Violation of the integrity of the kidney parenchyma during organ-preserving surgery is always accompanied by functional impairment in that part of the organ. This is due to mechanical damage to the nephron and the development of aseptic necrosis in the area of the resection, followed by development of an ischemic zone that expands during the repair process due to disrupted parenchymal cell metabolism and pressure from regenerating connective tissue.

Objective. To investigate the effect of α-tocopherol acetate on repair processes in the kidney parenchyma after an organ-preserving operation in a rat model.

Materials and methods.

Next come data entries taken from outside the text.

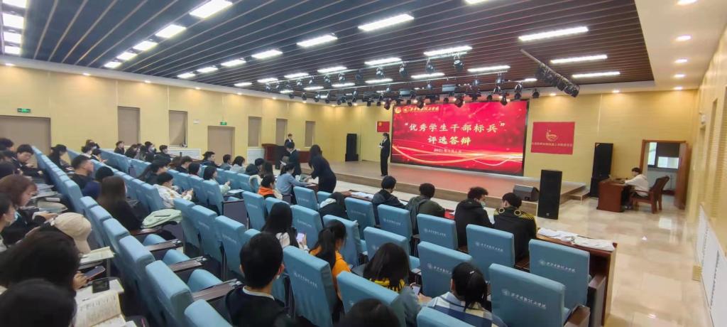 为促进新一代青年领悟“五四”精神内涵,展现当代青年学生风采,传播青春正能量,4月1日,学校团委在建德楼203举办了2021年“模范共青团院”、“优秀共青团干部标兵”、“优秀学生干部标兵”(以下简称:五四标兵)评选答辩。校团委老师、各二级团工委书记、支部书记代表、学生干部代表及30余位公开招募的大众评委参加大会。
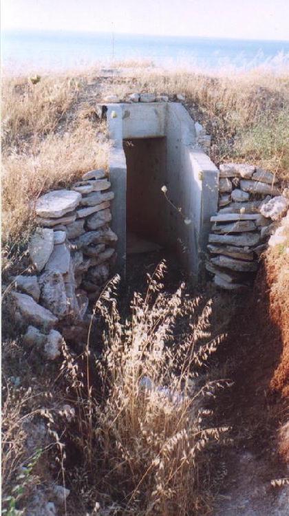 They were on top of a steep hill, the first with a single embrasure overlooking the bay. This was connected by a slit trench to an open gun pit, which was in turn connected to another pillbox. This had a single embrasure overlooking the far left side of the bay. I found an identification plate but am not sure when they were built.
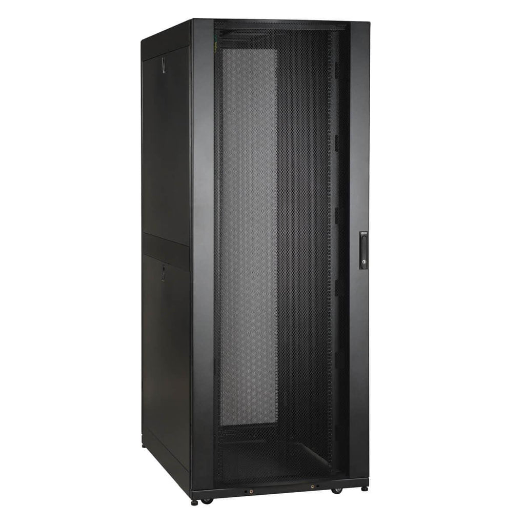 Comes with the two pre-installed SRCABLEVRT3 (6-ft. (1.83 m) vertical cable manager with 3" width) to help eliminate cable stress inside the enclosure Front and rear sets of equipment mounting rails adjust in 1/4" increments. Adjustment is quick and convenient. The easy-view depth index ensures consistent rail placement without requiring time-consuming measurements. Toolless accessory mounting rails (2 rails per enclosure) include slots for quick installation of compatible PDUs and vertical cable managers. Mounting slots are arranged in an industry-standard pattern compatible with a wide variety of accessories. Each rail can accommodate two vertical PDUs or cable managers side-by-side (four items per enclosure). Enclosure includes mounting hardware of 50 pieces of M6 cage nuts and 50 pieces of M6 screws. Textured powder coat finish for tough resistance to environmental concerns such as deployment in warehouses. Massive front to rear ventilation capacity. 65+% open space in door perforation pattern meets or exceeds server manufacturer requirements. Maximum usable internal depth of 37 inches/940 mm (front to rear rail). Front door is locking, reversible and removable. Rear doors are locking and reversible. Split rear door design reduces clearance requirements for service entry allowing the enclosure to be placed closer to a wall. Locking removable side panels are 'half size' to make them smaller and lighter improving ease of installation and servicing. Two side panels per side (4 panels total). Side panels are keyed alike to the front and rear doors. Built in baying tabs allow enclosures to be combined securely in rows. Center-to-center width can be set at 750mm or 30" to match standard data center floor tiles. SmartRack Enclosure supports up to 3000 lbs (1360.8 kgs) of equipment stationary and 2250 lbs (1020.6 kgs) rolling. Ships fully assembled for rapid deployment and roll into place on heavy-duty pre-installed casters (casters are removable) Leveling feet extend to allow enclosure to be positioned on uneven floors. Levelers are removable. Convenient grounding system. All components are grounded to the enclosure frame which includes multiple connections for facility ground. Front and rear doors include quick-release ground wires. Open bottom for cable access. Top panel has generous cable access holes. Panel can be removed toollessly in seconds without having to disconnect cables first. Included stabilizing brackets are used for shipment and can be reattached at the bottom of the enclosure frame on the inside or outside of the rack. Meets all enclosure requirements towards PCI DSS (Payment Card Industry Data Security Standard) Compliance Compatibility with airflow optimization accessories as well as cable management accessories.
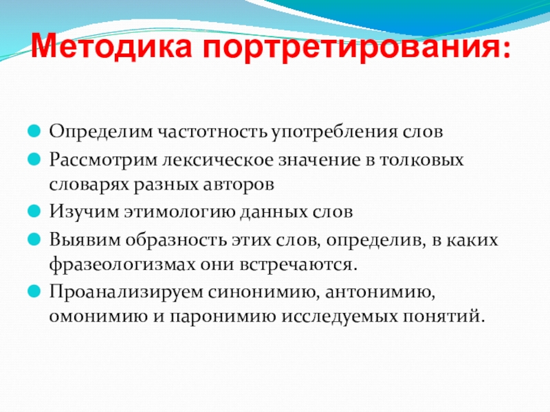 Слайд 4Методика портретирования:
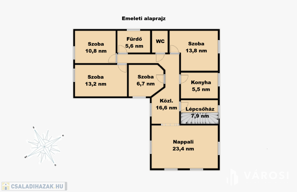 A tágas tetőtérben, további nappali, 3 napfényes szoba, 1 félszoba, konyha, fürdőszoba, wc helyezkedik el, 103 négyzetméteren.
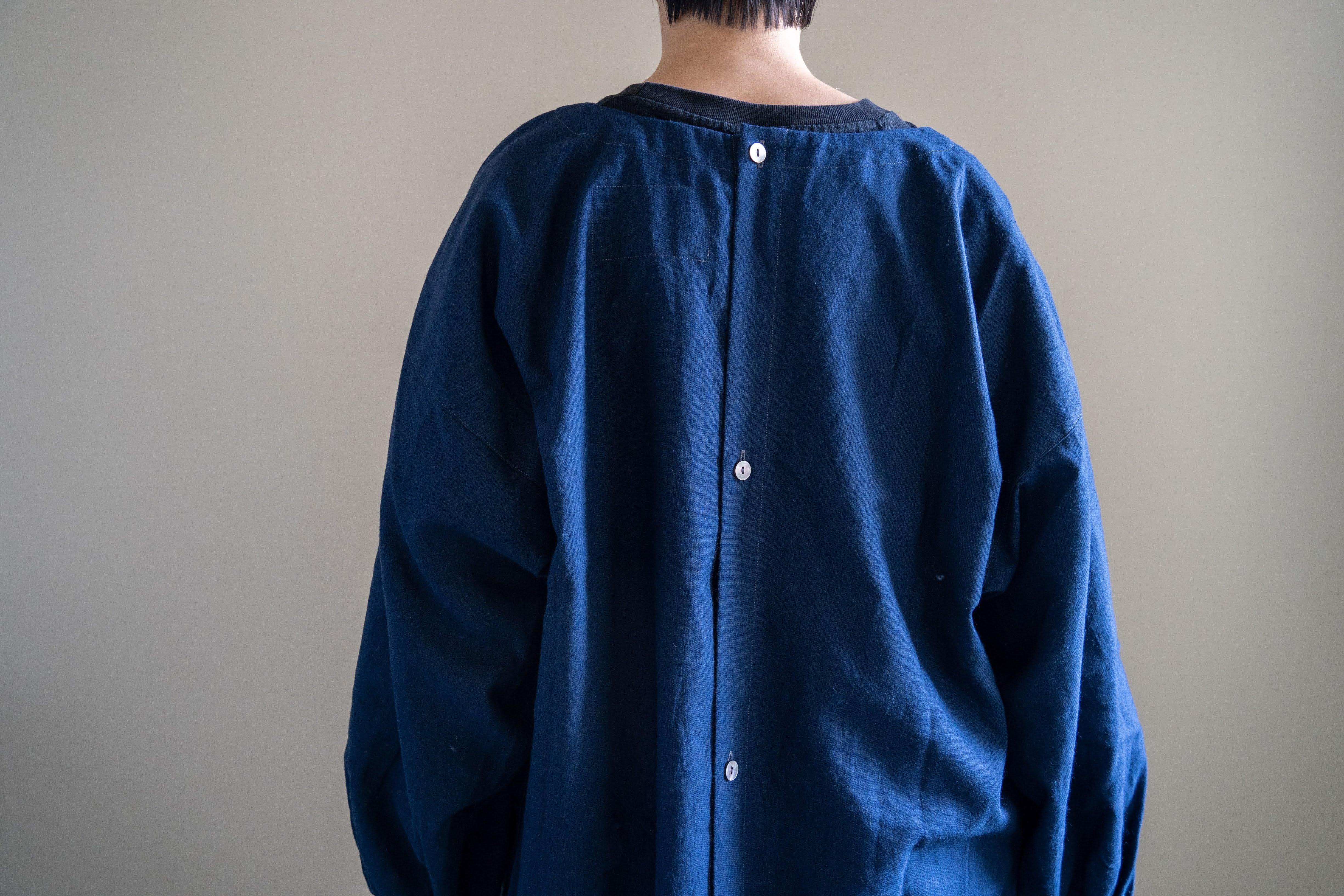 割烹着の背中側は貝ボタンで留めるデザイン。
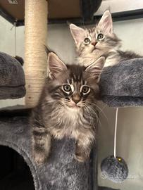 Cucciole Maine Coon con pedigree Disponibili due splendide cucciole Maine Coon, MINOU e MARGHERITA, le ultime rimaste di una cucciolata di 6. Saranno pronte per la consegna da fine agosto -Consegna con pedigree ENFI -Vaccinate e con microchip -Abituate alla lettiera e al contatto umano -Cresciute in ambiente familiare, seguite con amore e attenzione Genitori visibili. Ci troviamo a Corbetta (MI) - possibilità di visita su appuntamento. Per ulteriori informazioni, foto o video: -Contattaci via messaggio su Subito o su Instagram: @perladynastymaincoon
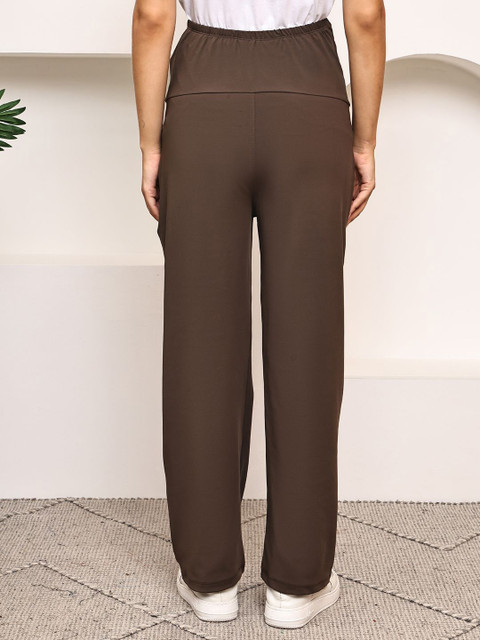 Coffee brown solid regular-fit mid-rise track pants, has an elasticated waistband with slip-on closure and two pockets
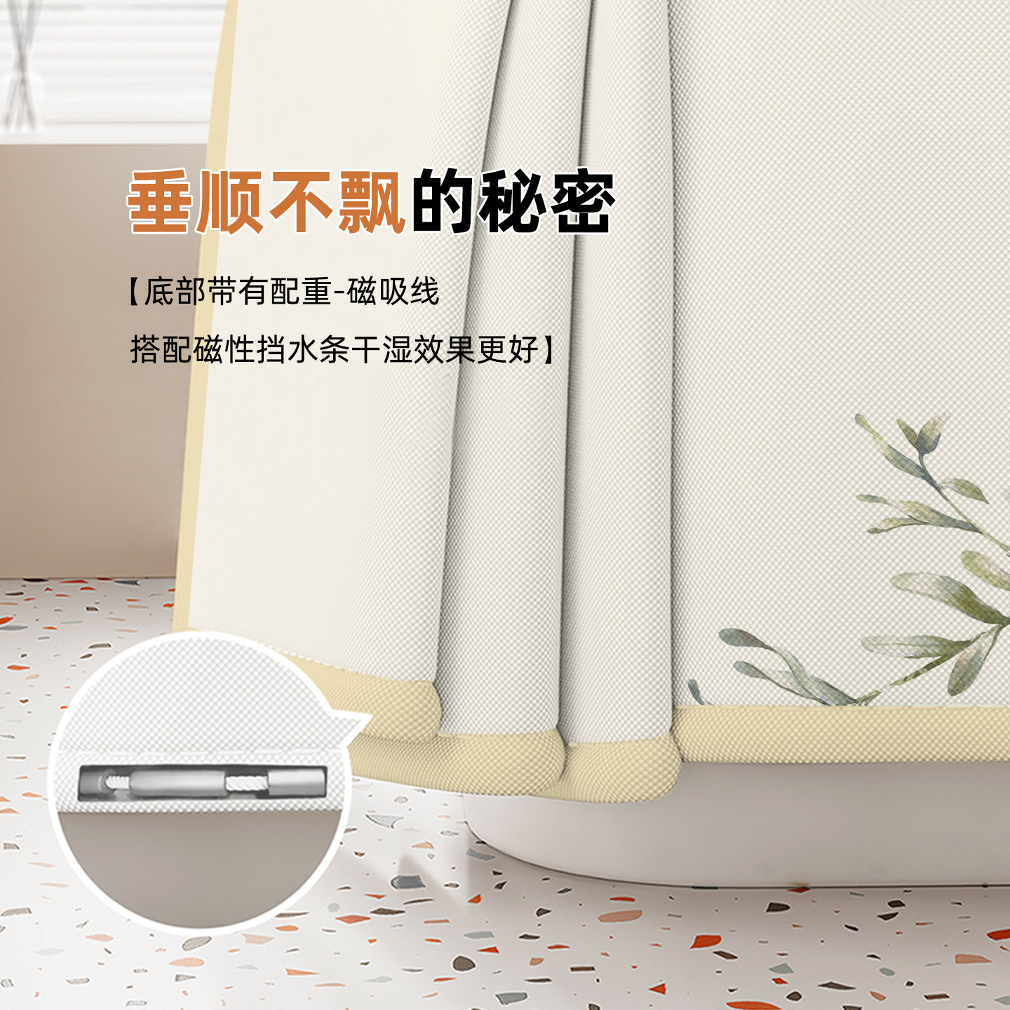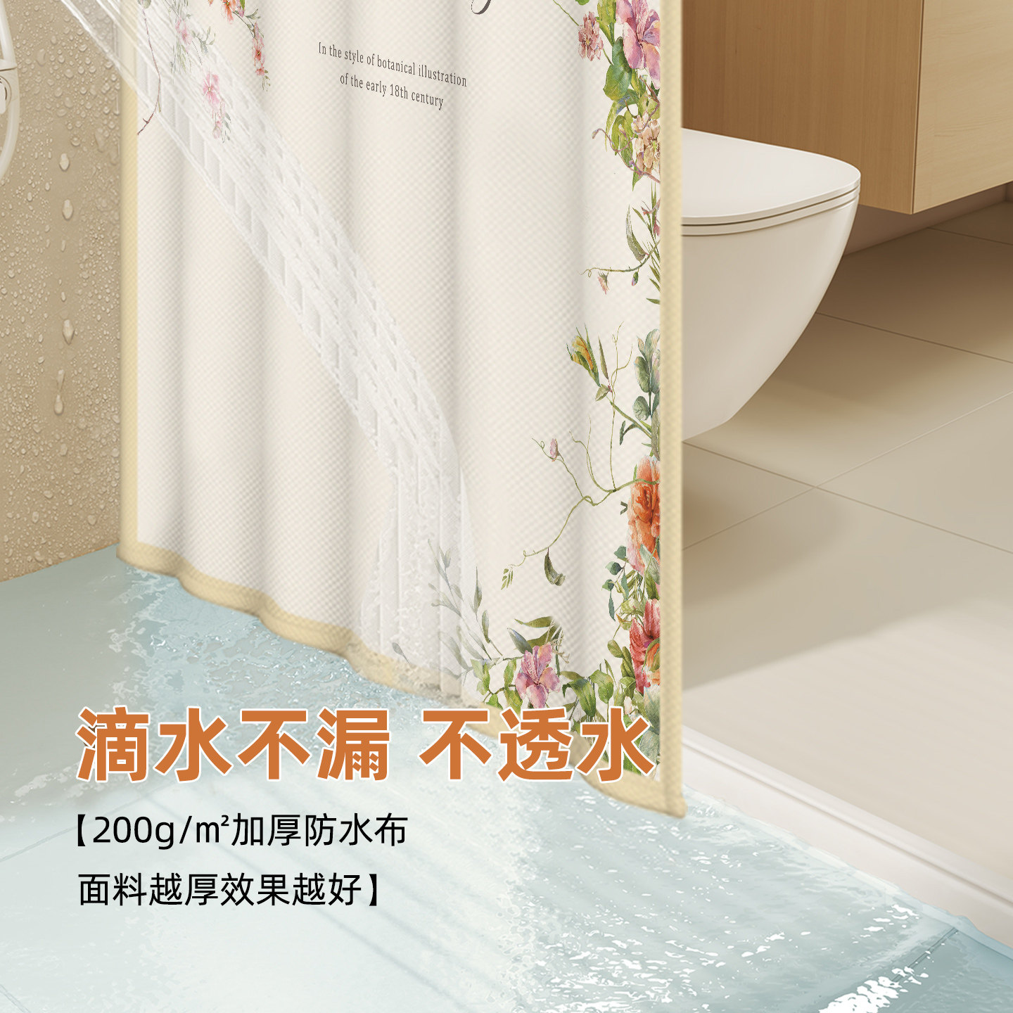 田园风卫生间浴帘防水防霉加厚速干垂坠浴室干湿分离隔断帘免打孔

An experimental study was performed on 60 white laboratory rats that underwent resection of the lower pole of the left kidney. Postoperatively, a study group (n = 30) underwent intramuscular injections of a 10% α-tocopherol acetate oil solution, 0.2 ml 2 times a day for 5 days. A control group (n = 30) were left untreated.

Results. Compared with the control group, animals in the study group had a narrower zone of total necrosis and less pronounced inflammation and vascular stasis on days 7, 14, and 28 after the operation.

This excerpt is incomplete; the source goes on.